# New Hotel coming to the Watuppa Railway!



## Tom Lapointe (Jan 2, 2008)

Back in March, a long-time friend of mine & former local hobby shop owner (Bill Days) passed away.







About a month ago, his wife contacted me to see if I was interested in buying any of the G gauge equipment remaining in his estate*. *Most of the equipment was older Bachmann "Big Hauler" sets, & since I already have 2 of the Gen 5 "Annies" on the roster, I wasm't really interested in buying any of it for myself, but I spent several hours with her helping her appraise the trains for her to sell on her own at an upcoming local train show. What *did *catch my eye, though, were a couple of *scratch-built structures *Bill had built (& he was quite a good modeler







). One was a station which was in rough shape (missing its roof!







- She said it got clobbered by a neighbor kid's baseball!







) but was still salvageable; but what really caught my eye was *this! *




































Other than some substantial dusting, this is exactly as I acquired it; there are 4 windows missing from the "attic"...

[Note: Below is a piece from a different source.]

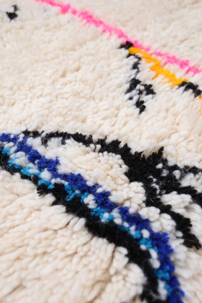 Der so genannte Azilal-Berber-Teppich wurde nach der Region Azilal in Marokko benannt, wo er von Hand an einem traditionellen Holzwebstuhl hergestellt wurde. Seine Muster repräsentieren die Stimmungen, Lieben und Leiden der Weberin zum Zeitpunkt seiner Erstellung. Nachdem dieser bunte Berber-Teppich geschaffen wurde, wird sie einen völlig anderen Teppich anfertigen, abhängig von ihren aktuellen Emotionen. Jedes Stück ist also einzigartig.
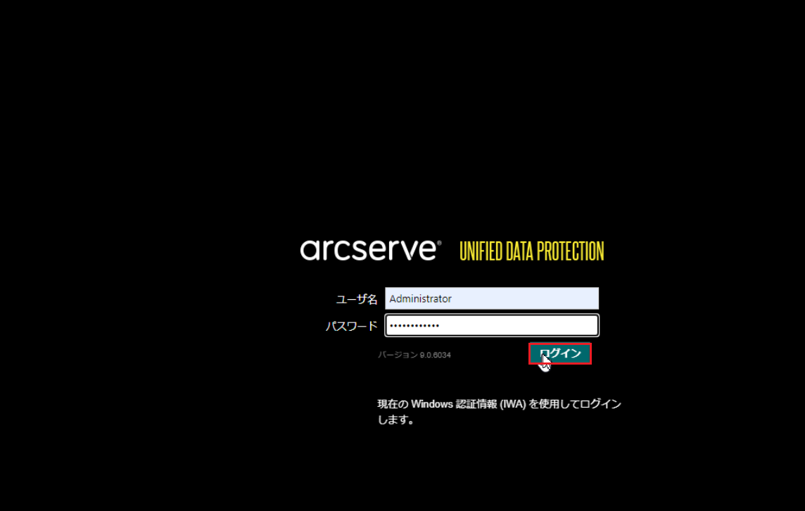 1.Arcserve UDP コンソールがインストールされているサーバーでArcserve UDP コンソールにログインします。

It's also not currently "permanently" installed on the layout yet, although where I have it positioned is being considered for a possible location. I think the missing windows may be Grandt Line or maybe NWSL castings (the 2 front ones are loose, I'll take a close-up photo of one to see if anyone can help me identify it). With those HUGE first-floor windows, it really *begs *for an interior with suitable lighting; think accomplishing that is going to be an upcoming winter project. Now here's the best part







; in appreciation for my assistance in helping Bill's widow appraise the estate, she *gave it & the station to me. *







Soon the little town of Watuppa is going to have a *nice railway hotel. *







*Tom*


----------



## placitassteam (Jan 2, 2008)

Sorry about your friend but congratulations on the new buildings!


----------



## D-n-H - Kirkville Branch (Jan 14, 2008)

are your roads roofing strips?


----------